畢竟道歉要比較正式一點 所以打出來的東西要比較正式
所以盡量少用替代的文字~在論壇上也避免使用
這樣會對你所發的文章看起來比較有誠意
畢竟打出來和心理想的可能會不一樣...
所以最後的結論是..."少用火星文和注音文"XDD
(若不了解什麼是火星文請點下列網址了解"火星文")
http://wolfbbs.net/viewtopic.php?t=2563

----------


## 殘月一狼

—_—|||
完全不知道！~~看來我還是個文盲哦！~~（含淚狂奔而去~）

----------


## 殘月一狼

—_—|||
完全不知道！

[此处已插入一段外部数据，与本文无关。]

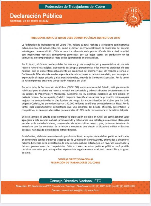 Mediante un comunicado, el Presidente de la Federación de Sindicatos Patricio Elgueta y el Consejo Directivo Nacional de la FTC, marcó posición frente al debate del litio y manifestaron su rechazo a la licitación internacional que lleva a delante este gobierno.

~~看來我真是個文盲！~
（淚奔而去！~）

----------


## 和魯夫

火星文嚴重禁止!!!!!!(指)
(謎:你要制做第2次公憤啊!!!)
火星文你想找誰看啊!!!!!
你要是不想讓台灣以外的人看不懂那你乾脆不要發好了!!!!!
(暴走中)
(請無視)

----------


## 殘月一狼

:Crying or Very sad:   :Crying or Very sad:   :Crying or Very sad:  
是是是是是是………………（N遍）
在 沒改掉前我還是不說話好了！~
（再次淚奔…………）  :Rolling Eyes:   :Rolling Eyes:

----------


## 殘月一狼

（轉身，鞠躬………………）
算了！~~在這我也只會討人嫌！~~
謝謝一直以來幾位的照顧（謎）
小弟我另謀去生路了！~Q_Q

----------


## 和魯夫

> （轉身，鞠躬………………）
> 算了！~~在這我也只會討人嫌！~~
> 謝謝一直以來幾位的照顧（謎）
> 小弟我另謀去生路了！~Q_Q


不會吧?!
那樣就想走?!
不可能啦....
你還沒有調教好啊?!
逃避禁止!!!
(怨念大爆發)

----------


## 殘月一狼

(被怨靈強撬開嘴)
因為小弟我今年才剛剛開始作獸!~~
現在是標準的"狼寶寶"真的要從說話開始學起!~~

----------


## 和魯夫

> (被怨靈強撬開嘴)
> 因為小弟我今年才剛剛開始作獸!~~
> 現在是標準的"狼寶寶"真的要從說話開始學起!~~


終之!!!!努力吧!!!!!!!

----------


## 狼嚎

> 火星文嚴重禁止!!!!!!(指)
> (謎:你要制做第2次公憤啊!!!)
> 火星文你想找誰看啊!!!!!
> 你要是不想讓台灣以外的人看不懂那你乾脆不要發好了!!!!!
> (暴走中)
> (請無視)


阿和阿...看來你很很很很很討厭火星文...
好了 請息怒吧...其實各位都很討厭火星文吧...
火星文阿...既看不懂又覺得很隨便
這到底是誰發明的阿!!!!!!!!!!!!!!!!(大怒+拍桌)
迷：又有一隻爆走的獸了...

----------